I enjoyed these few moments of assessment but despised delay and prevarication in the condemned. I stepped off the bench.

In darkness I engaged a final hope that the rope was adequate to send me to oblivion. And indeed, as the base fell out of the earth beneath my feet, I felt gravity and the noose connive to produce an enormous blow to the right side of my neck, below my ear, nearly adequate to sever the head from its shoulders.

And yet it was not adequate to bear my senses away, and all was consumed by the sensation of choking and of futilely seeking solidity, desiring it all at once as nothing had ever been desired, neither woman nor property nor wealth. I told myself that I had now taken adequate punishment, and already knew hell, and was entitled to draw back. For the blackness of the woolshed flashed with light and burned and burned in great gusts of airlessness. The earth was my hard spouse and would not return to me now that I had abandoned it. My father walked in from the sheep yards and added the pages of his book to the flames of my agony. And I saw, as a concrete figure stepping towards me, in a rush, howling, Death in dark weeds, scythe in hand, eager to close the transaction. The dullest, most gelid moonlight delineated the blade as it sliced at my head. I fell, and there was solid ground again, the ground, I supposed, of my interment. A hand worked at my hangman’s knot, and lost air, as painful as lost limbs, ached into my body.

‘Mr Bettany,’ said the reaper in Bernard’s voice, ‘whatever are you at for sweet God’s sake?’

The reason Death had Bernard’s voice was that I had misidentified. The one figure there was simply Bernard, straddling me with her thighs, shaking the air back into me. I felt great strength in her long hands.

‘Do you think it can be as easy as that, do you?’ she asked me, and so drew her right fist back and smashed it against my jaw. The woolshed filled up with light again, but I thought in a powerful, instant, fuddled way, ‘This woman may well teach me to accommodate myself in the world again.’

Reborn of her, I found myself engorged with love of the living, and dragged her towards me, a huge endeavour towards which she seemed to add her own strength. Soon I who had had no air was howling and
aching into her. Though within days of my wife’s burial, all this did not have the cast of betrayal. Rather, of triumph, and a necessary rite of resuscitation.

I let myself be led back to the homestead again. She opened the door for me and let me in. By the light of two lamps and of the low fire at the hearth she looked directly at me. ‘Look what you have brought us to, you poor fellow!’ She sat me down, then went away to get tea and make some embrocation with both of which she returned. With the bowl of embrocation she began to wash the rope burn on the side of my neck. When in plain, brute need I reached for her waist, she pulled herself clear. ‘No,’ she warned me. ‘No.’

In the subsequent days, I spent most of my time on my own in my desolated homestead, but attended by a severe Bernard. Suspended exactly between the living and the dead, I was suffused by an aura of azure sensual delight, shot through with a yellow sulphur of doom. I waited in a soporific daze for her to return to me and give me ease. I knew it would happen. My grief for Phoebe and George had begun to take on the colours of consolation as I waited. I waited stoically. In the face of hell, I was ecstatically stoic, grief-stricken and agape with wonderment at the one time. I drank and stumbled out for brief conversations with Long, none of which I could remember, all of them more meaningless chat about out-stations and stock.

On the second night I appealed to Bernard as she brought me food I was too feverish to contemplate. I appealed to her, and she said, ‘I would be most evil.’

‘If it was not evil when you scythed me down, why is it evil now?’ I said.

‘Dear God, the warmth of your poor wife’s body has not yet left the deathbed!’

But I persisted. ‘If it will not be wrong in a year, why – viewed from the standpoint of eternity – is it wrong now?’
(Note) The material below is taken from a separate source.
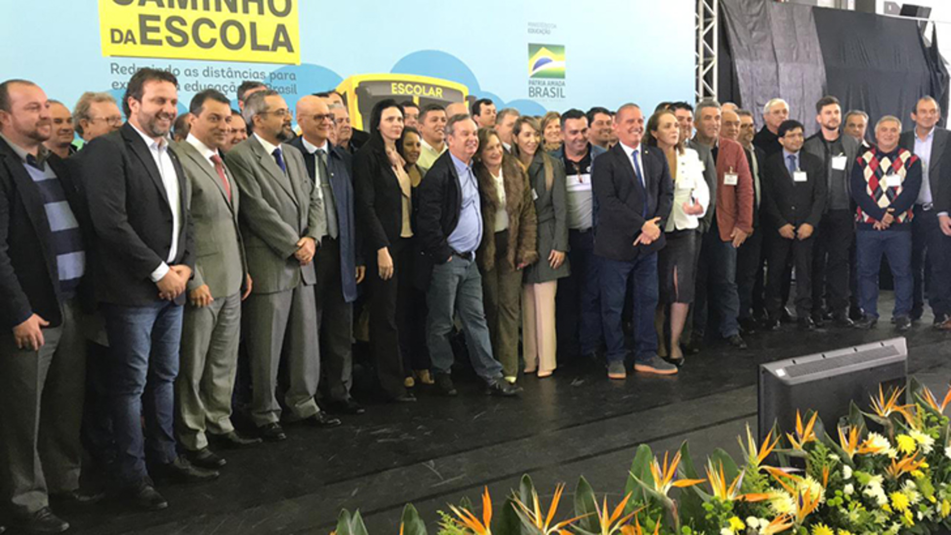 O Ministério da Educação (MEC) entregou na manhã de segunda-feira (15), na Base Aérea da Capital, com a presença do ministro da Casa Civil, Onyx Lorenzoni, e do Ministro da Educação, Abraham Weintraub, do Governador Carlos Moisés, deputados federais Rogério Peninha Mendonça, Geovánia de Sá, Daniel Freitas, Celso Maldaner, Hélio Costa e Coronel Armando, prefeitos e demais autoridades, 74 novos micro-ônibus escolares ao Governo do Estado, que repassará os veículos a 64 municípios catarinenses. Outros 42 já estão em fase de emplacamento e serão entregues até 31 de agosto, beneficiando 93 cidades ao todo. Os 116 veículos representam uma renovação de 46% da frota. O deputado Jerry Comper, presidente da comissão de assuntos municipais da ALESC, enfatizou a importância de investimentos na educação para os pequenos municípios, a exemplo dos que foram beneficiados no Médio Vale, Apiúna, Dona Emma, Gaspar e Rodeio. E no Alto Vale, Chapadão do Lageado, Ituporanga, Pouso Redondo, Presidente Nereu, Rio do Campo, Salete, Santa Terezinha, Vidal Ramos e Witmarsum.

She yielded at last. I did not know, I did not care, as I subsisted on Bernard’s ivory lineaments, whether she had told Long and the stockmen about my attempt to jump into the pit. I was not, however, without shame, but was prepared to let it cohabit the house with me, as one might in an extremity share a cave with a large dangerous beast. And everything was two-edged with her, was at the one time guilt and redemption. Yet by throwing an arm about her body and drawing her close I could in the unity of that embrace reduce the world to one sharp,
tolerable edge, sustained from the opening kiss into other intimacies of touch, into a fury of feeling and reaching. Then, as I gasped, all fell back again to two-edgedness. And of course at that moment I did not know for whose sake I should feel more ashamed. For Phoebe’s and George’s? For Long’s? For Bernard’s? For the sake of the steadfast condemned man I had been a few nights before?

During these days, Nugan Ganway functioned well, horses being reshod, my remotest shepherds greeting visits by Long and maintaining my flocks. On the fourth day I felt a passion to go out for an extensive ride, but first, and after thought, I tested Bernard with a question.
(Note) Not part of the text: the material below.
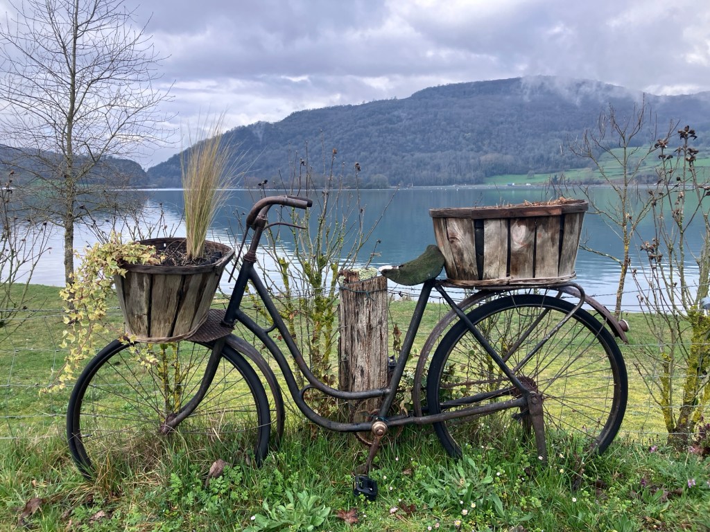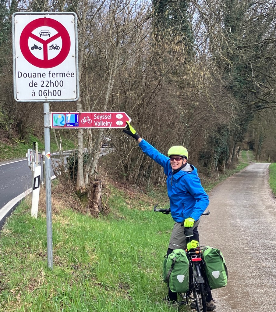 After a morning ride through Switzerland, back to France. Borders still resonate with us, especially when crossed by bike.

‘Will not Sean Long expect you to visit him?’

‘Long knows that I am needed here,’ she told me, standing back from feeding the fire at my hearth. ‘Long and all the men know how badly I am needed in your house now.’

‘Badly needed,’ I confirmed, and reached a hand for her wrist.

But of course as days passed the most unlikely, or some might say improper, of arrangements rose to be normal. After a week I emerged and went down to Long’s hut, and discussed a coming ‘bang-tail’ muster, that is, a muster of all our neglected hill cattle, which he had been urging upon me. There was no sign of altered knowledge or resentment from him. But then there would not be, since he – like many of his people – had learned to swallow resentment more profoundly than the marrow of his own bones.

Long told me he would need a dozen riders, and I promised that he would have them. Felix wanted to go, he told me, even though he was still mourning Mrs Bettany and George.

‘Are you sure he is matured enough to muster cattle?’ I asked. ‘We have had sufficient tragedies on Nugan Ganway.’

‘He dearly wishes to be with us, and is as robust as many boys of sixteen.’

‘You may count me in too,’ I told Long. It was mere justice to him for me to join in the risk.

His eyes were dark and deep-set and could hardly be read. But in some distant corner of his brain, Long must have hoped that I would fall – such things were possible – and the mad, unbranded, so-called ‘Bushian’ cattle would trample my head to pulp. For he suspected, surely, that in offering to go on a muster with him I was declaring myself restored, in so far as anyone could restore me. And he must have apprehended too that I would not surrender up to him the means of that restoration,
Bernard. I did hope this was tolerable to him, but if not he could – since he possessed his ticket-of-leave – take his share of cattle and work as overseer for someone else. He was still remote enough from his conditional pardon however, which well-behaved men such as he acquired after fifteen years of their sentence, that I had power over him. Yet I did not want to see him anything but well used. As long as he did not try to take Sarah Bernard, my daily rescuer, away.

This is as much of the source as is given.